Even the political climate can become an unforeseen risk, as organizers of THING learned. This year, Seattle Theater Group changed its model of THING to adapt to financial headwinds the industry faces.
Instead of holding a traditional three-day festival, THING put on a series of single-day events, each featuring artists in a different genre. But STG had to cancel its Latin-music themed day. STG’s Latin programming director, Laura Vilches, believes the anti-immigration climate suppressed ticket sales.

Laura Vilches, Latin programming director for Seattle Theatre Group, at THING on Aug. 9, 2025.
“ It wasn’t doing what we would normally expect to see for some of these artists … who have performed sold out shows at the Paramount, at the Neptune, at our other venues in Seattle over the years," Vilches said. “It was a very sad storm of events that happened.”
The streaming generation
Young people have always been the engine powering music festivals, with demand from the oversized millennial generation causing the industry to balloon in the mid-2000s. By 2019, there were more than a thousand music festivals in the U.S. by one estimate.
But as millennials age out of camping in the desert and into the realities of parenthood and corporate life, they’re no longer driving the same levels of demand.

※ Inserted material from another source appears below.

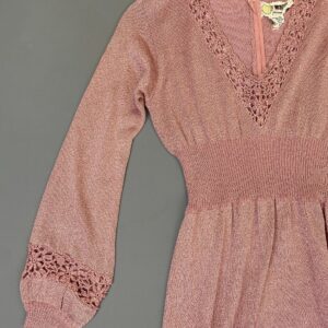 UNREAL!!! 1960S-70S CREAMY PINK KNIT LUREX MAXI DRESS CROCHET TRIM

And the younger generation doesn’t appear to be stepping in to fill the gap.
Lizzy Butler is a college student and musician who wishes music festivals played the same role for people her age as they did for previous generations.
She said in the past people felt, “like, you need to get out, you need to go listen, like you’ve got to go find the music. The music can just kind of find you now and you don’t really have to work for it … you don’t ever have to leave your Spotify daylist.”
Brooke Vandenberg and Lizzy Butler attend THING on Aug. 9, 2025.
Algorithmic streaming is designed to serve listeners music based on their existing preferences. Experts say that can push people toward the familiar, and away from music discovery, which drew previous generations to multi-genre music festivals.
“ I think it’s honestly a missing art for younger generations to really experience the beauty and importance of live music, especially in a festival setting where it’s so diverse,” Butler said.
Tastes that favor the familiar could explain why big stadium tours like Taylor Swift’s and Beyonce’s have been absorbing the concert budgets of young people more inclined to shell out for an artist they know they’ll like rather than take a risk on a lineup full of unknown bands.

A second act for music festivals?
Adam Zacks, STG’s chief programming officer and the former producer of Sasquatch!, said declining demand for music festivals could have a silver lining.
“The good news is when we face something like this where the market’s saying, ‘Cool, we’ve had enough of this,’ is that it creates room for innovation,” he said. “So, it creates a pocket for, especially, younger people that are wanting to get into this business and think that they can see something that older generations are unable to see. That’s a really positive thing.”
Innovation is also his goal with THING. By shifting to the single-day series and moving the festival to the family-friendly venue, Remlinger Farms, he’s hoping to attract some of the millennial festival fans who are aging out of the old model.
“ It was like tailored to an older, indie-leaning KEXP sort of audience that maybe used to go to festivals, then maybe had families and weren’t able to, and now they’re coming back to it,” he said.
Whether it’s enough to sustain THING remains an open question. Zacks said ticket sales were below their goal, but that he wouldn’t be able to make any conclusions about what’s next for the festival until the final encore.